The Graves in this film is supposed to be the Graves who wrote the original story, also the author of I, Claudius, an example of the film's nebulous attitude to fact and fiction. Ostensibly a horror film about a man who can kill by shouting, it's less scary and more weird, creating a dreamlike atmosphere that unusually fails to lapse into the nightmarish, it's simply curious. The story Crossley tells involves two people we've seen in passing during the introduction, so are they the same as those in his narrative? It's difficult to tell.

That couple, within the story at any rate, are Anthony Fielding (John Hurt) and his wife Rachel (Susannah York), a musician and his wife living in a farmhouse in the wilds of North Devon. Anthony is working on a concept album made up of unusual sounds, indeed he has his own version of the BBC Radiophonic Workshop in operation at his personal studio, and he passes the time recording bees trapped in jam jars and whatnot as fodder for his magnum opus. In addition to that, he also plays organ for the local church, that is when he gets there in time for the beginning of the services.

Who should interrupt this countryside idyll but a tall dark stranger, Crossley as it turns out, putting himself in his own tale.
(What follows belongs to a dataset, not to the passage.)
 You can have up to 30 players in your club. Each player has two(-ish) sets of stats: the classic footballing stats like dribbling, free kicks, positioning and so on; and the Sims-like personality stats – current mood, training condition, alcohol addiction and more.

This makes you wonder if the tale he is telling is true, as he appears to be the perfect candidate for entry into an asylum. He claims to have lived in Australia for almost two decades, and while there he lived with Aborigines, marrying one of the local women and learning their magic. However, he also claims to have killed his children by his wife, but according to him it's OK since this is part of Aborigine tradition. Rachel doesn't like him from first sight, but Anthony humours him, even when their guest smashes a wine glass by creating a tone around the rim of another glass with a wet finger.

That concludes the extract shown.